## Exercise input
◇ ◇ ◇ ◇ ◇
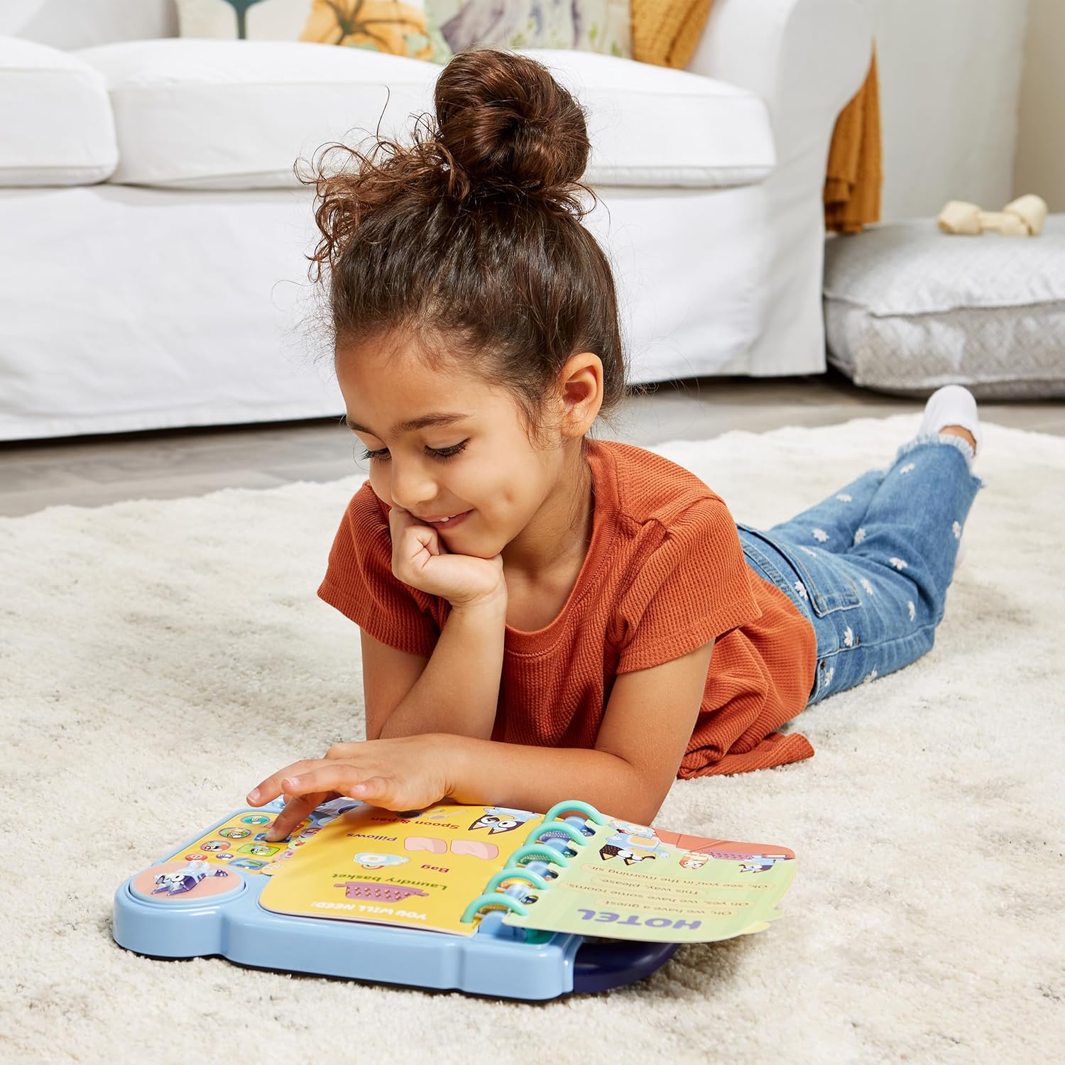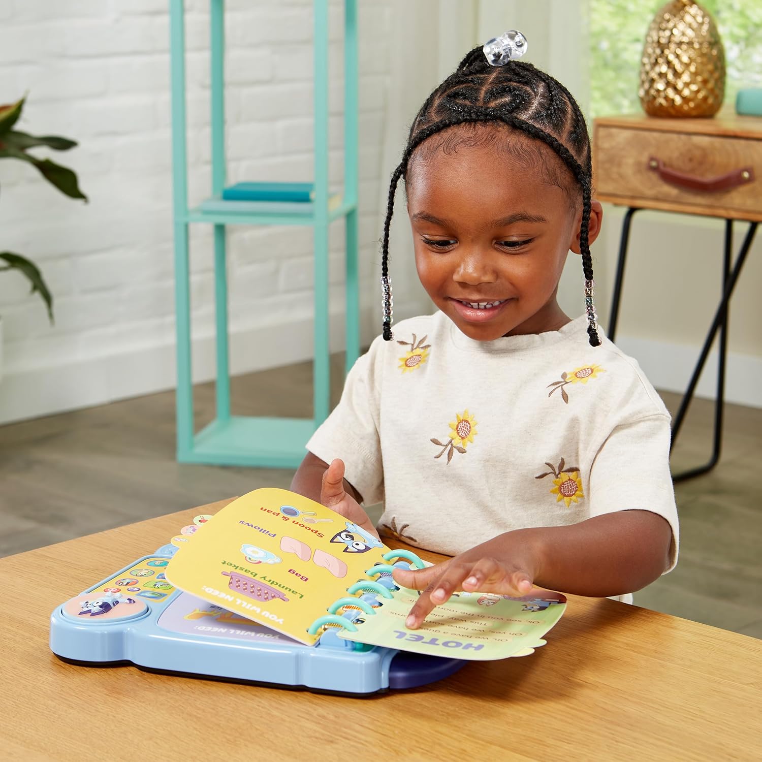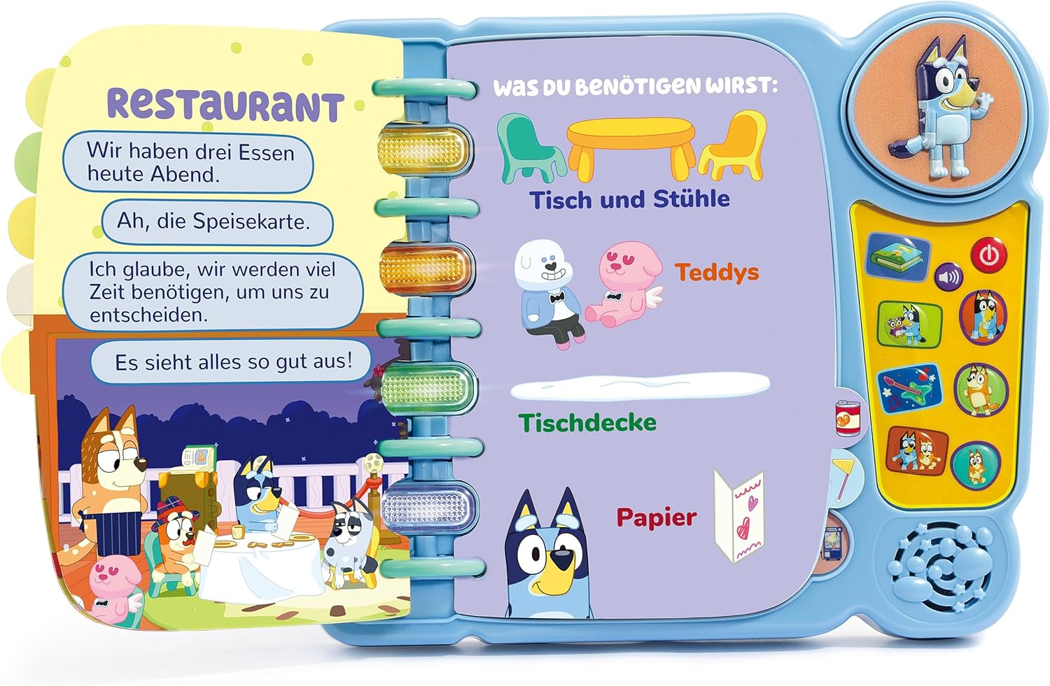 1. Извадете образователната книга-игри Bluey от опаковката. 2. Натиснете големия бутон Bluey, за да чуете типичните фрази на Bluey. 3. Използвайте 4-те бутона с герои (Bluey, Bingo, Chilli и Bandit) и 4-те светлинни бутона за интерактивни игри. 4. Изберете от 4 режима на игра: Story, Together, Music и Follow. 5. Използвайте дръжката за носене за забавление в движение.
◇ ◇ ◇ ◇ ◇
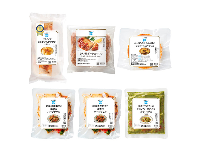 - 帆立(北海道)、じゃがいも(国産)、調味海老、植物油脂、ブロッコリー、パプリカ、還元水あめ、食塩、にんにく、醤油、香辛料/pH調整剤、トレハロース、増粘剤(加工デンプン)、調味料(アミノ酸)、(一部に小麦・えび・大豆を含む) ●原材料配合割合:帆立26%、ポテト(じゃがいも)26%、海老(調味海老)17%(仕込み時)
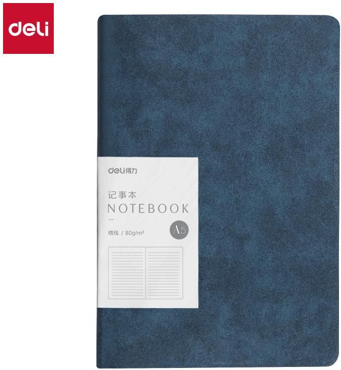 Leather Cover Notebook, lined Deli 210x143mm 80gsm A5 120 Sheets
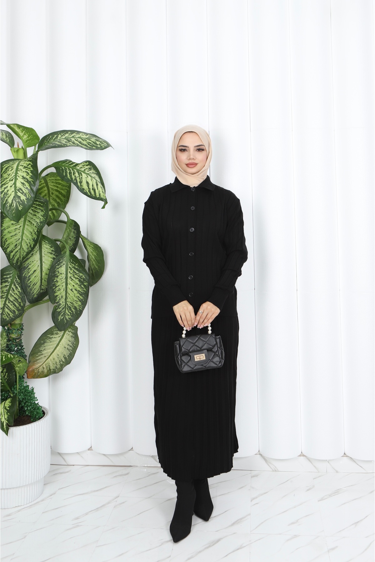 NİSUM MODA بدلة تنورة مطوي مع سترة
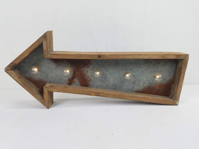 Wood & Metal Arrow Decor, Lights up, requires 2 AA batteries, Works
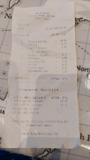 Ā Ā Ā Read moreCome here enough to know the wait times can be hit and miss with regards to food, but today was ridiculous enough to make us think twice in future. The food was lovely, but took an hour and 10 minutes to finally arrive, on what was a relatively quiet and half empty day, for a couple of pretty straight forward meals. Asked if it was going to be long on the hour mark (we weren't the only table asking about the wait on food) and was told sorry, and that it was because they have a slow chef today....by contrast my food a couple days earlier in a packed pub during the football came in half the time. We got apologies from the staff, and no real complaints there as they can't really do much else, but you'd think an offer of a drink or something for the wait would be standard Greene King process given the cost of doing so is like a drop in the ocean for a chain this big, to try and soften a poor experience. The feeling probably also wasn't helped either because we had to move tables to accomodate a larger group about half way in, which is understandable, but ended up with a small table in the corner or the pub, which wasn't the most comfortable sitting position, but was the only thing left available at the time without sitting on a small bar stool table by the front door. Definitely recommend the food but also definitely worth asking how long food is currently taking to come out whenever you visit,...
◇ ◇ ◇ ◇ ◇
## Task item
Copy only what lies between the line with "Wood & Metal" and the line with "Ā Ā Ā Read moreCome", those two lines included, exactly as given above; pictures stay out.

## Response to the task
 Wood & Metal Arrow Decor, Lights up, requires 2 AA batteries, Works
 Ā Ā Ā Read moreCome here enough to know the wait times can be hit and miss with regards to food, but today was ridiculous enough to make us think twice in future. The food was lovely, but took an hour and 10 minutes to finally arrive, on what was a relatively quiet and half empty day, for a couple of pretty straight forward meals. Asked if it was going to be long on the hour mark (we weren't the only table asking about the wait on food) and was told sorry, and that it was because they have a slow chef today....by contrast my food a couple days earlier in a packed pub during the football came in half the time. We got apologies from the staff, and no real complaints there as they can't really do much else, but you'd think an offer of a drink or something for the wait would be standard Greene King process given the cost of doing so is like a drop in the ocean for a chain this big, to try and soften a poor experience. The feeling probably also wasn't helped either because we had to move tables to accomodate a larger group about half way in, which is understandable, but ended up with a small table in the corner or the pub, which wasn't the most comfortable sitting position, but was the only thing left available at the time without sitting on a small bar stool table by the front door. Definitely recommend the food but also definitely worth asking how long food is currently taking to come out whenever you visit,...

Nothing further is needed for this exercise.